Efficient Primal Heuristics for Mixed Binary Quadratic Programs Using Suboptimal Rounding Guidance

Mixed Binary Quadratic Programs (MBQPs) are a class of NP-hard problems that arise in a wide range of applications, including finance, machine learning, and chemical and energy systems. Large-scale MBQPs are challenging to solve with exact algorithms due to the combinatorial search space and nonlinearity. Primal heuristics have been developed to quickly identify high-quality solutions to challenging combinatorial optimization problems. In this paper, we propose an extension for two well-established rounding-based primal heuristics, RENS and Undercover. Instead of using the optimal solution to a relaxation for variable rounding and search as in RENS, we use a suboptimal relaxation solution of the MBQP as the basis for rounding and guidance for searching over a restricted subproblem where a certain percentage of binary variables are free.
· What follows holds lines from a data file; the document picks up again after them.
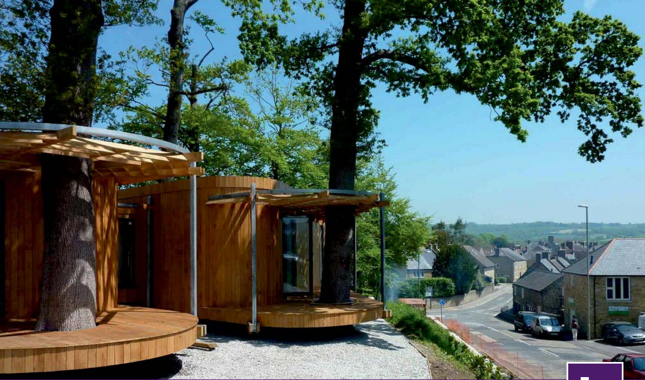
The Lodge, Clay Lane, Beaminster, Dorset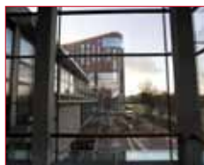
VU University Amsterdam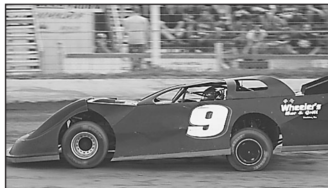
Eric Vansodall (9) rounded out the top 5. His second top 5 of the season.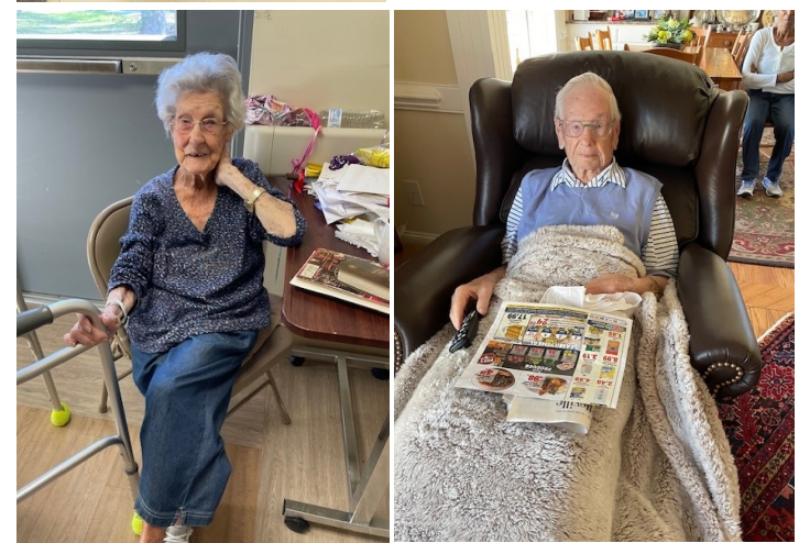
Seniors traveled to see the Rudy Theater Easter Show on March 18.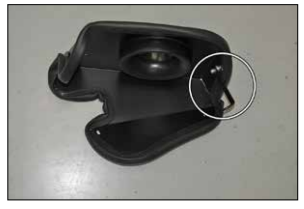
12. THIS STEP IS FOR THE NISSAN ALTIMA, FOR NISSAN PATHFINDER AND INFINITI JX35 VEHICLES, SKIP TO STEP #13.

NOTE: Some trimming of the edge trim will be necessary.

We apply a similar idea to the Undercover heuristic that fixes a variable cover to the rounded relaxation values. Instead, we relax a subset of the cover variables based on the suboptimal relaxation and search over a larger restricted subproblem. We evaluate our proposed methods on synthetic MBQP benchmarks and real-world wind farm layout optimization problem instances. The results show that our proposed heuristics identify high-quality solutions within a small time limit and significantly reduce the primal gap and primal integral compared to RENS, Undercover, and solvers with additional primal heuristics integrated inside Branch-and-Bound.